Request Library, Pubmed_Parser, nltk , gzip module , Trello

Softskills:

  • Learned to work in teams, divided the whole task into subtasks & then compiled them to complete the task in time.

  • Learned how to use Trello for structuring & managing the project in a easy way.

  • Improved communication skills while interacting with other team members during team meetings & for the very first time worked on Presentation slides for Team wide & Pathway wide Journal Clubs.

Achievement highlights:

  • Presented the research paper called “Literature Mining for Biologists” & some parts of the exact research paper in the team wide journal clubs

  • Presented the result part of the exact research paper to the pathway wide journal club

  • Extracted the raw Medline sentences using pubmed_parser

Detailed Statement of Tasks Completed:

  • For extracting raw Medline text task main motive was to collect all the drug-gene pairs & extract only those sentences which contain atleast a drug-gene pair.
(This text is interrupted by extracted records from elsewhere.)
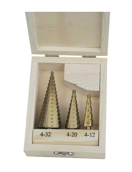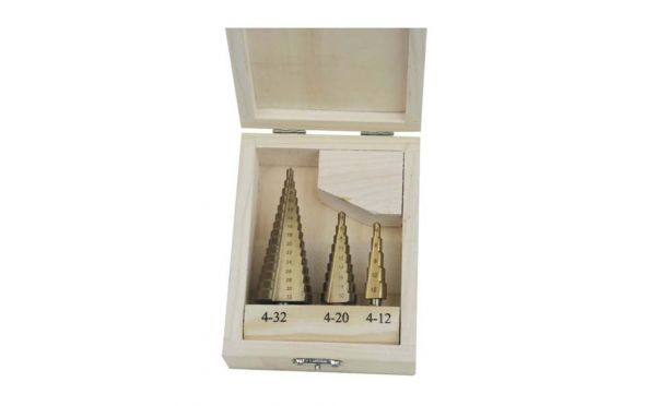 - MANNESMANN - 54603 Σετ Τρυπάνια Κωνικά Τιτανίου 3 Τεμ σε Ξύλινη κασετίνα
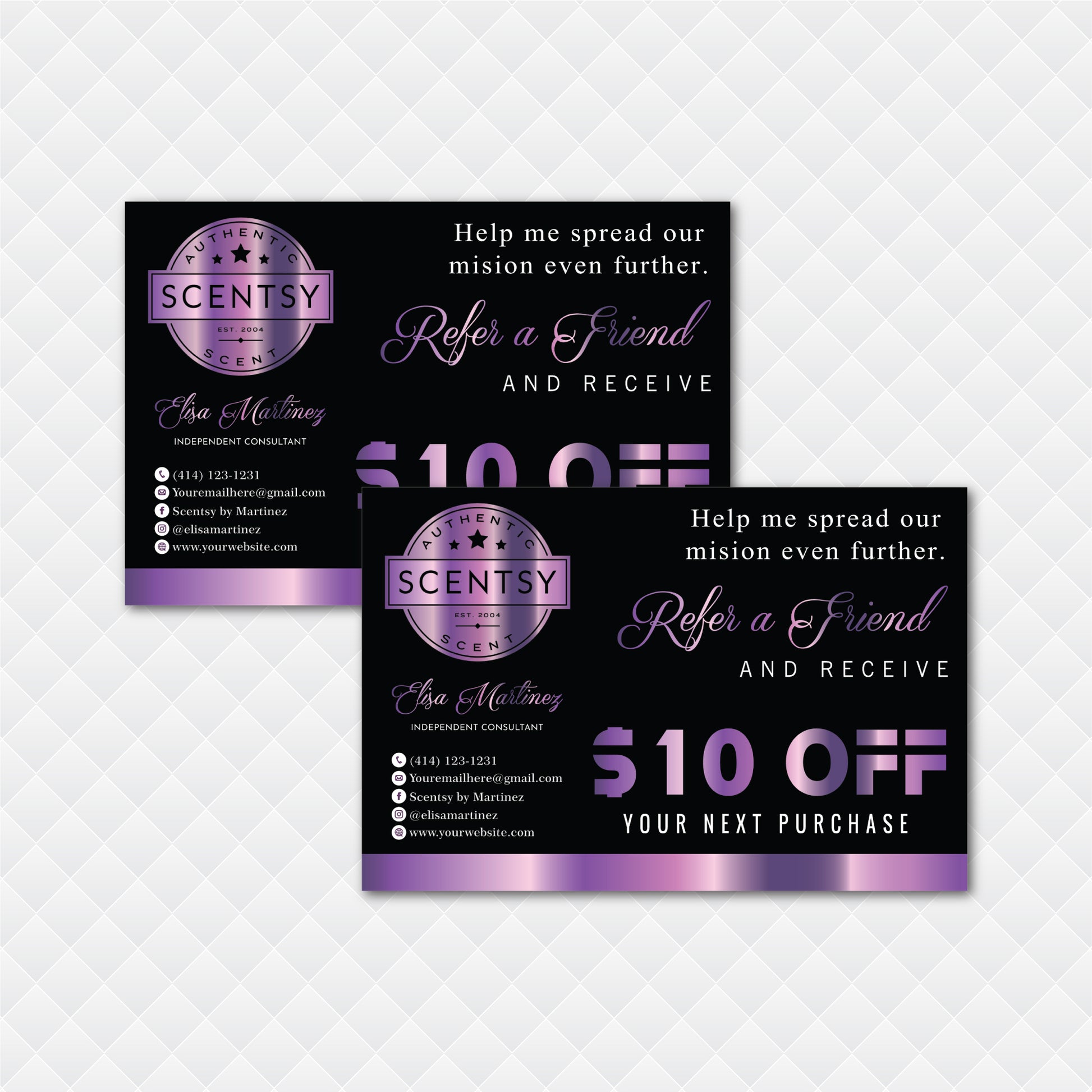 Editable Violet Lash Scentsy Refer A Friend Cards, Personalized Scentsy Business Cards SS13
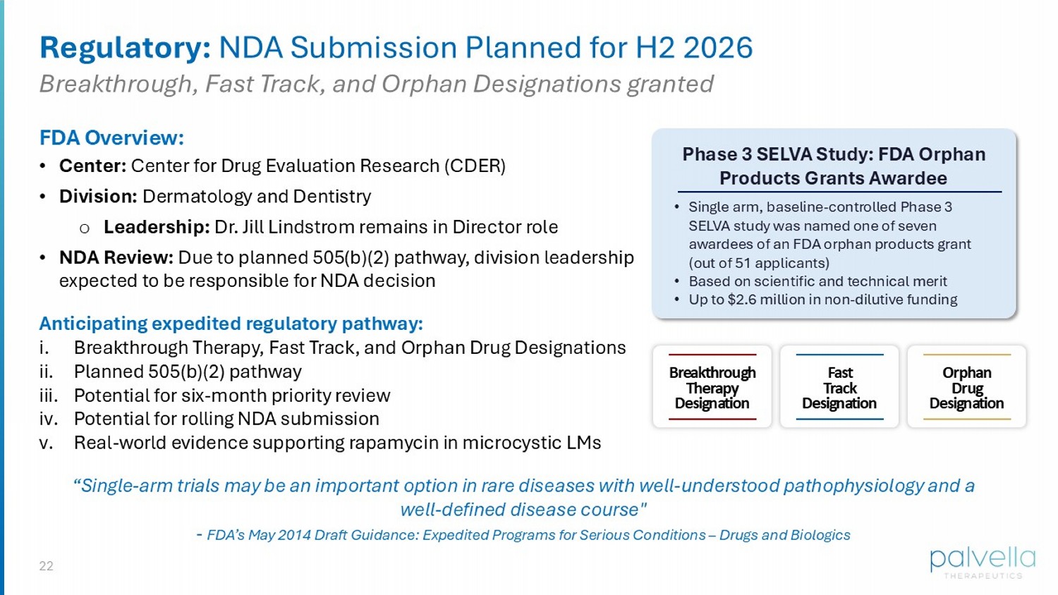 22 Regulatory: NDA Submission Planned for H2 2026 Breakthrough, Fast Track, and Orphan Designations granted Anticipating expedited regulatory pathway: i. Breakthrough Therapy, Fast Track, and Orphan Drug Designations ii. Planned 505(b)(2) pathway iii. Potential for six - month priority review iv. Potential for rolling NDA submission v. Real - world evidence supporting rapamycin in microcystic LMs Phase 3 SELVA Study: FDA Orphan Products Grants Awardee • Single arm, baseline - controlled Phase 3 SELVA study was named one of seven awardees of an FDA orphan products grant (out of 51 applicants) • Based on scientific and technical merit • Up to $2.6 million in non - dilutive funding FDA Overview: • Center: Center for Drug Evaluation Research (CDER) • Division: Dermatology and Dentistry o Leadership: Dr. Jill Lindstrom remains in Director role • NDA Review: Due to planned 505(b)(2) pathway, division leadership expected to be responsible for NDA decision Breakthrough Therapy Designation Fast Track Designation Orphan Drug Designation “Single - arm trials may be an important option in rare diseases with well - understood pathophysiology and a well - defined disease course" - FDA’s May 2014 Draft Guidance: Expedited Programs for Serious Conditions – Drugs and Biologics
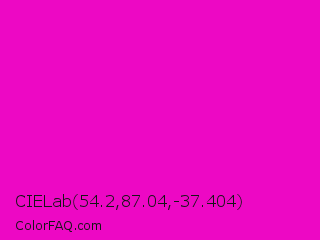 CIELab 54.2,87.04,-37.404 Color is a normal magenta color and the nearest color is Shocking Pink #fc0fc0. Hex code #ed08c4 and RGB value is rgb(237,8,196). In RGB color space, this color is composed of 93% red, 3% green, 77% blue, In CMYK color space, this color is composed of 0% cyan, 97% magenta, 17% yellow , 7% black , In HSL color space, this color has a hue angle of 311° , 93% saturation and 48% lightness.
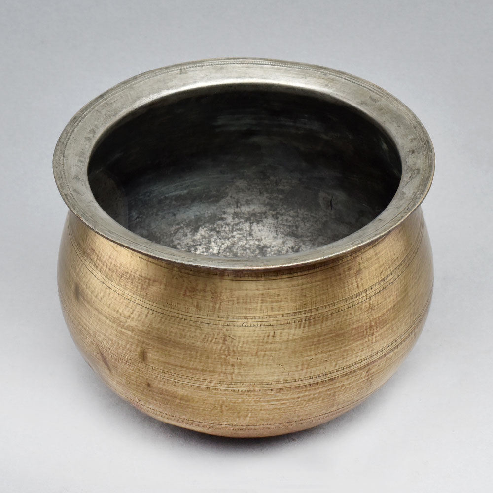 Discover the captivating allure of South Indian artistry with this stunning Vintage South Indian Art Plain Brass Pot.This magnificent brass pot is more than just a decorative accent - it's a functional work of art that celebrates the enduring legacy of South Indian craftsmanship. With its substantial size and classic, minimalist design, this piece seamlessly blends form and function, making it a versatile addition to your home. Use it to serve traditional Indian dishes, display fresh flowers, or let it shine as a captivating centerpiece that commands attention. Whether you're a design enthusiast, a lover of Indian culture, or simply someone seeking to infuse their space with a touch of timeless elegance, this Vintage South Indian Art Plain Brass Pot is the perfect choice. Embrace the enduring beauty of South Indian artistry and let this magnificent piece become the focal point of your living space, imbuing it with the captivating essence of India's rich heritage. Handcrafted from premium brass in the rich, time-honored traditions of South India Generously sized with a wide, rounded mouth for diverse uses Sturdy, durable construction built to withstand everyday use Adds an authentic touch of Indian charm to any space
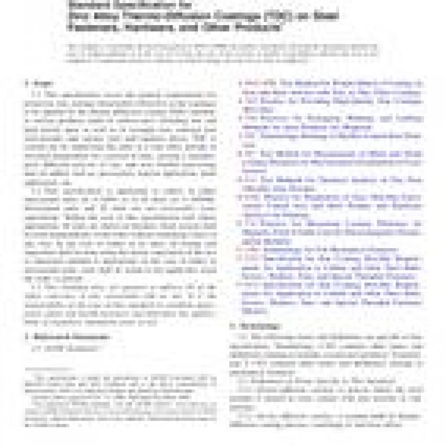 1.1 This specification covers the general requirements for protective zinc coatings (hereinafter referred to as the coatings) to be applied by the thermo-diffusion coating (TDC) method, to various products made of carbon steel, including low and high tensile parts as well as of wrought iron, sintered iron steel-powder and various steel and stainless alloys. TDC is carried out by immersing the parts in a zinc alloy powder at elevated temperature for a period of time, causing a metallurgical diffusion process of zinc and iron. Further processing may be added, such as, passivation, topcoat application, paint application, etc.
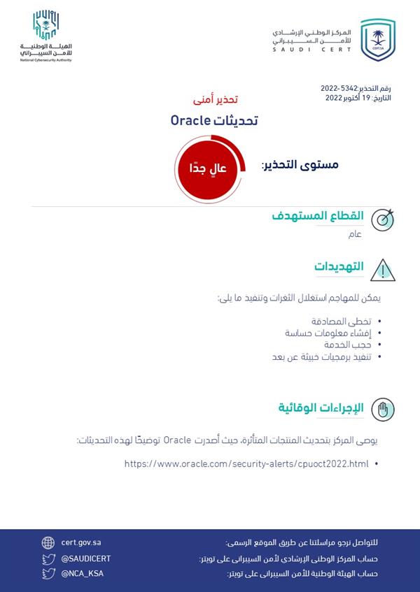 وأكد المركز الوطني الإرشادي للأمن السيبراني أهمية تحديث المنتجات المتأثرة من خلال التوصيات والإرشادات التي أعلنت عنها Oracle.

I downloaded the drug-gene pairs from Pharmgkb & drug list from Drug-Bank (it took a lot of time to get approval from DrugBank). One of our team members John explained us how to extract .xml files. With that help I used requests module & pubmed_parser for extracting raw data & gzip library for .xml files. Then I created a list of drugs & genes with the data from PharmGKB & Drugbank. It has 17K unique drugs & 20K unique genes. After extracting the raw sentences I used nltk library for tokenization. Then I checked whether the token is present in the drug or gene list ,if present added to the usable_sentences list & stored the data in .tsv format. I was able to extract more than 2000 raw Medline sentences.

Goals for the upcoming week:

  • Dependency parsing of raw data & creating the dependency matrix for EBC algorithm.
1 Like

Module2

Concise overview of things learned:

Technical area:

  • Learned about dependency parsing, TRANSITION based dependency parser, 3 TRANSITION ACTIONS(Shift, Left - Arc, Right - Arc) & why Stanford parser stands out from other parsers, mathematics behind Stanford parser from the training material given.

  • Learned how to use dependency parsing of raw Medline data with Java & store the output in .txt file

  • Learned spacy for dependency parsing , sparse matrix & read all the prerequisite & supplementary research paper given.

Tools:

spacy, Stanford parser 3.5.0 version, Java VM, jython 2.7.2

Soft-skills:

  • Improved communication skills while interacting with other team members during team meetings & Team wide Journal Clubs.

Achievement highlights:

  • Successfully completed the dependency parsing task of raw Medline sentences with Java

  • Created the matrix with drug-gene as rows & dependency relations as columns with the output of dependency parsing

  • Presented the overview of sparse matrix topic to the team wide journal club.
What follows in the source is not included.